He had several strong moments; perhaps his best was when he said, “There is zero liability for the guest. Zero. I mean, we are responsible. We’re accountable for all of it.”
He gave the impression of having been particularly well-drilled for this interview and showed the savvy politician’s knack for gently knocking aside a question and really sticking to his prepared points.
It would have been an Emmy-quality TV performance had it only come three weeks earlier.
The choice of appearing only on CNBC was baffling as well. A Target spokesman pointed out that it chose CNBC in part to get snippets of the interview broadcast on other, more widely watched NBC-affiliated programs. But CNBC is a cable channel for investors, leaving the impression to some that Target valued them over customers.
It’s more likely that deciding to let the CEO appear only on a financial cable TV show is just another version of playing it safe, much like taking four days to prepare before publicly confirming a security breach.
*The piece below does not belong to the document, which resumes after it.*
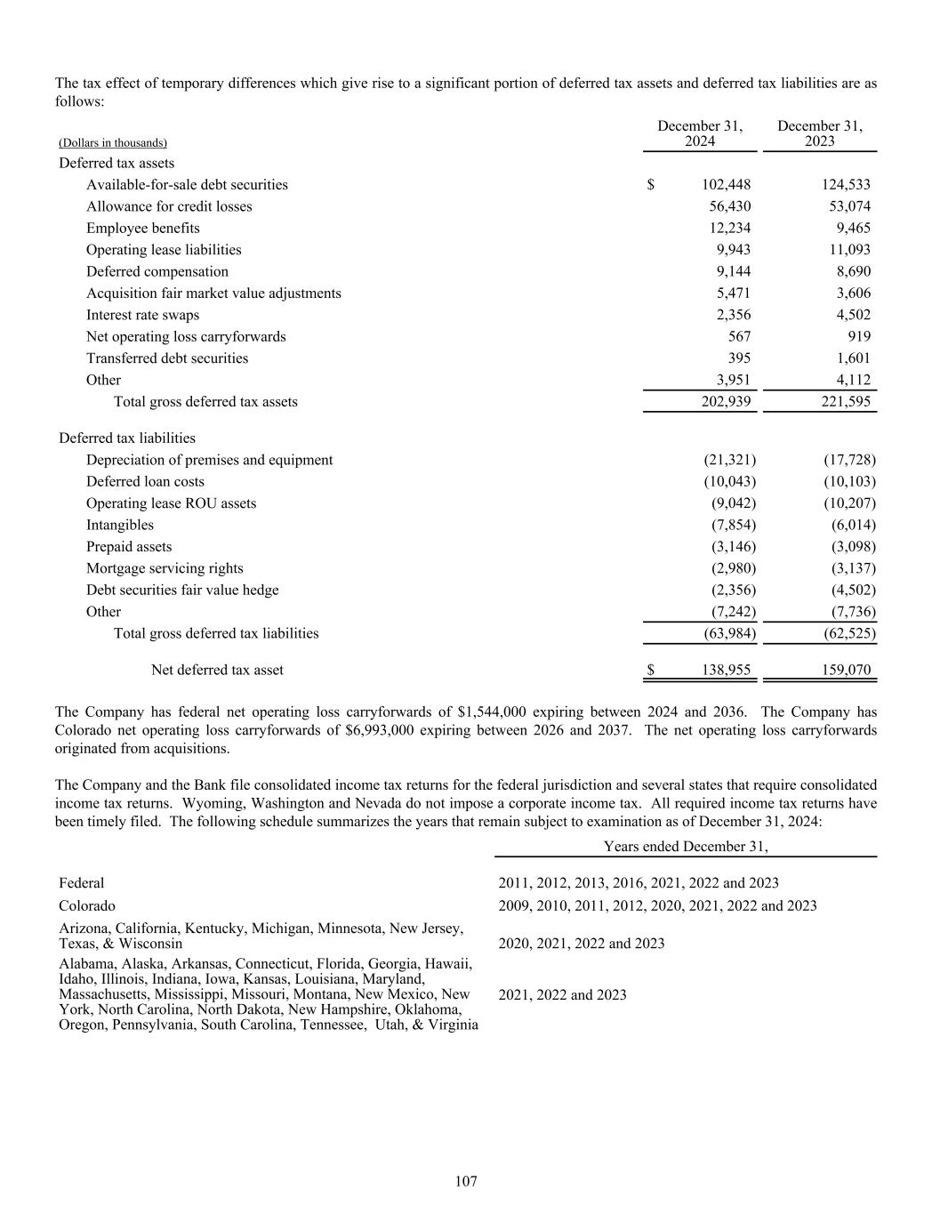 The tax effect of temporary differences which give rise to a significant portion of deferred tax assets and deferred tax liabilities are as follows: (Dollars in thousands) December 31, 2024 December 31, 2023 Deferred tax assets Available-for-sale debt securities $ 102,448 124,533 Allowance for credit losses 56,430 53,074 Employee benefits 12,234 9,465 Operating lease liabilities 9,943 11,093 Deferred compensation 9,144 8,690 Acquisition fair market value adjustments 5,471 3,606 Interest rate swaps 2,356 4,502 Net operating loss carryforwards 567 919 Transferred debt securities 395 1,601 Other 3,951 4,112 Total gross deferred tax assets 202,939 221,595 Deferred tax liabilities Depreciation of premises and equipment (21,321) (17,728) Deferred loan costs (10,043) (10,103) Operating lease ROU assets (9,042) (10,207) Intangibles (7,854) (6,014) Prepaid assets (3,146) (3,098) Mortgage servicing rights (2,980) (3,137) Debt securities fair value hedge (2,356) (4,502) Other (7,242) (7,736) Total gross deferred tax liabilities (63,984) (62,525) Net deferred tax asset $ 138,955 159,070 The Company has federal net operating loss carryforwards of $1,544,000 expiring between 2024 and 2036. The Company has Colorado net operating loss carryforwards of $6,993,000 expiring between 2026 and 2037. The net operating loss carryforwards originated from acquisitions. The Company and the Bank file consolidated income tax returns for the federal jurisdiction and several states that require consolidated income tax returns. Wyoming, Washington and Nevada do not impose a corporate income tax. All required income tax returns have been timely filed. The following schedule summarizes the years that remain subject to examination as of December 31, 2024: Years ended December 31, Federal 2011, 2012, 2013, 2016, 2021, 2022 and 2023 Colorado 2009, 2010, 2011, 2012, 2020, 2021, 2022 and 2023 Arizona, California, Kentucky, Michigan, Minnesota, New Jersey, Texas, & Wisconsin 2020, 2021, 2022 and 2023 Alabama, Alaska, Arkansas, Connecticut, Florida, Georgia, Hawaii, Idaho, Illinois, Indiana, Iowa, Kansas, Louisiana, Maryland, Massachusetts, Mississippi, Missouri, Montana, New Mexico, New York, North Carolina, North Dakota, New Hampshire, Oklahoma, Oregon, Pennsylvania, South Carolina, Tennessee, Utah, & Virginia 2021, 2022 and 2023 107

The hole that Target finds itself in today is pretty steep, but in the case of other retailers that have been victims of this kind of hacking, the customers over time did forgive and come back. It’s important to remember, however, that during the holiday season, Target had challenges far beyond losing customer data to some crooks, as comparable-store sales grew at half of 1 percent at U.S. stores through the first nine months of the fiscal year, and store traffic has been falling.
It doesn’t seem like it’s the right time for Target to play anything safe.